Dataset records:
....................

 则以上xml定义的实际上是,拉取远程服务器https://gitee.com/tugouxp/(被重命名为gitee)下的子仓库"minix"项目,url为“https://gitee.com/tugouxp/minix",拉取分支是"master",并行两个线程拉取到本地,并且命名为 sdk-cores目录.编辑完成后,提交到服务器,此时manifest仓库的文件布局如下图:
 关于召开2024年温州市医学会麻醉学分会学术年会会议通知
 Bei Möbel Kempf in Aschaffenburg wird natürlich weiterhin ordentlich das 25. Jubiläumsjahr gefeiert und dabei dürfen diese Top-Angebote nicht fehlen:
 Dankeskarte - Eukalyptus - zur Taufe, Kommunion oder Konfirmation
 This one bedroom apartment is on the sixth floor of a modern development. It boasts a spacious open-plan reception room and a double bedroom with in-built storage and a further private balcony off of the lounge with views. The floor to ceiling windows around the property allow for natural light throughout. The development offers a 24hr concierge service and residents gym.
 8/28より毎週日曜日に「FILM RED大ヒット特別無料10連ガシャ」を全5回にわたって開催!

....................

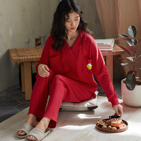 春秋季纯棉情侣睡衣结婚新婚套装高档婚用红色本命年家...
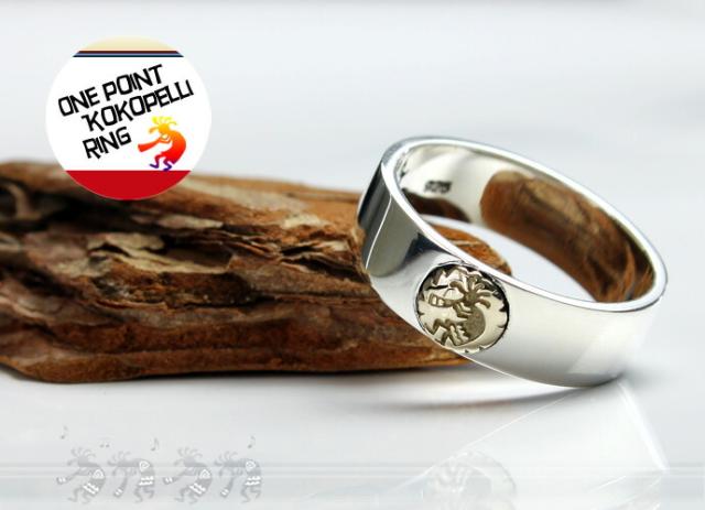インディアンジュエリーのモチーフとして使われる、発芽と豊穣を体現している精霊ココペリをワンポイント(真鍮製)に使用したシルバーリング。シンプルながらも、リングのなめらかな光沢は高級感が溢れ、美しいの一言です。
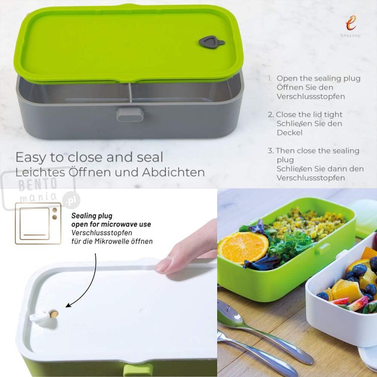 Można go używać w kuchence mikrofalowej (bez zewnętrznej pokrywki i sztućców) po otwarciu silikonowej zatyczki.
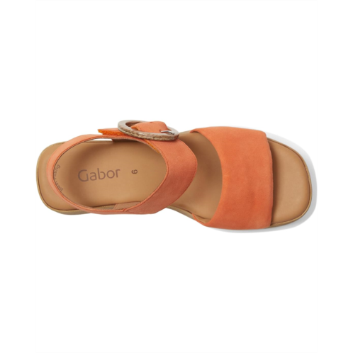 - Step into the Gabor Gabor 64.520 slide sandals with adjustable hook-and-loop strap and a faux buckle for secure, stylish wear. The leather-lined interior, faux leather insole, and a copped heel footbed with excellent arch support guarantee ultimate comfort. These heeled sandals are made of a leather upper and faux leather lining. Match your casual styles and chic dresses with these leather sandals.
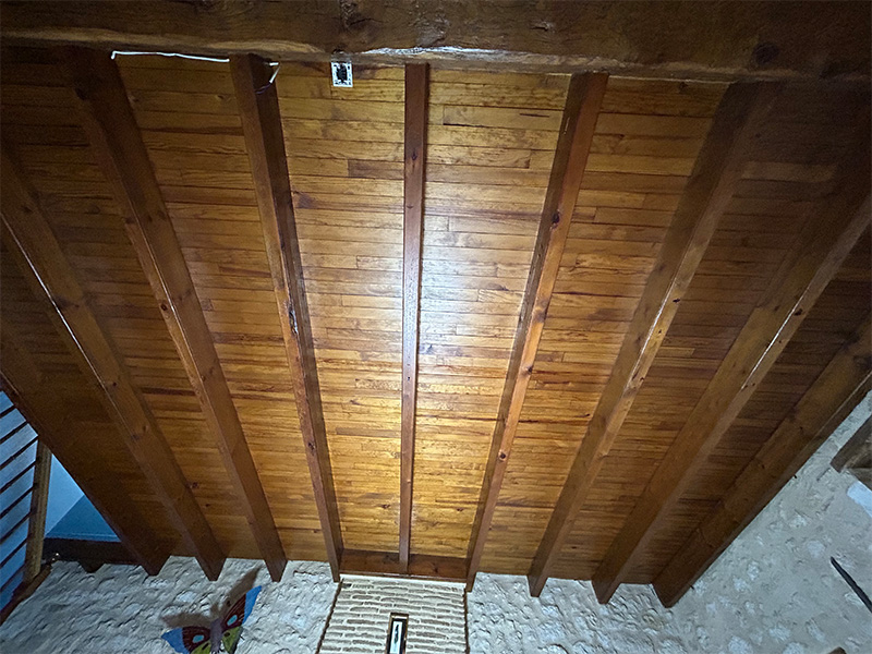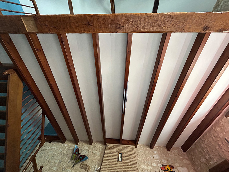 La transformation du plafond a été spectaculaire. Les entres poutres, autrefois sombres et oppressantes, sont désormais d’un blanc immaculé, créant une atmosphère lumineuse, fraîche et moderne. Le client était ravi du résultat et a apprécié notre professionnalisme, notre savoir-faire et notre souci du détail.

....................

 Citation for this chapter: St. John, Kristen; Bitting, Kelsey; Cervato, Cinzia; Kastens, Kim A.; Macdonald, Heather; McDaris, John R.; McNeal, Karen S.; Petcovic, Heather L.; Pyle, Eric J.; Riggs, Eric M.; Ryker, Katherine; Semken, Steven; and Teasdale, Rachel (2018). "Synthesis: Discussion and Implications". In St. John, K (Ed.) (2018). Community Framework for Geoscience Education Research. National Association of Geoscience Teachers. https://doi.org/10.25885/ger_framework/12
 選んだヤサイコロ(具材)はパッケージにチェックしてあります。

....................

Activity:
Exactly the lines above from the one that contains "春秋季纯棉情侣睡衣结婚新婚套装高档婚用红色本命年家..." down to the one that contains "Można go używać" are to be output, both ends kept and pictures omitted.

Output of the exercise:
 春秋季纯棉情侣睡衣结婚新婚套装高档婚用红色本命年家...
インディアンジュエリーのモチーフとして使われる、発芽と豊穣を体現している精霊ココペリをワンポイント(真鍮製)に使用したシルバーリング。シンプルながらも、リングのなめらかな光沢は高級感が溢れ、美しいの一言です。
 Można go używać w kuchence mikrofalowej (bez zewnętrznej pokrywki i sztućców) po otwarciu silikonowej zatyczki.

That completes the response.